(Exercise) Restate word for word every line from the top of the data below down through the line that holds "A. P. Villa Rosa ospita il Museo del vetro".

(Supplied material)
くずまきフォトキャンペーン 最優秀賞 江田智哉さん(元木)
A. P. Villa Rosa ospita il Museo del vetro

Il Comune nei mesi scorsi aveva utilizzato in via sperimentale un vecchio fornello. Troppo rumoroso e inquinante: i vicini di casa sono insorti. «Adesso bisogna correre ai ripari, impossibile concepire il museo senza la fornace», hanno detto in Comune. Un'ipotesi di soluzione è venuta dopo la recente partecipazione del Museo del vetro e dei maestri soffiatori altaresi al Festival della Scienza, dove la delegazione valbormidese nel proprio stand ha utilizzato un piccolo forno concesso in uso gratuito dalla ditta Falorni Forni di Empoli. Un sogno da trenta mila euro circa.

(Exercise answer)
くずまきフォトキャンペーン 最優秀賞 江田智哉さん(元木)
A. P. Villa Rosa ospita il Museo del vetro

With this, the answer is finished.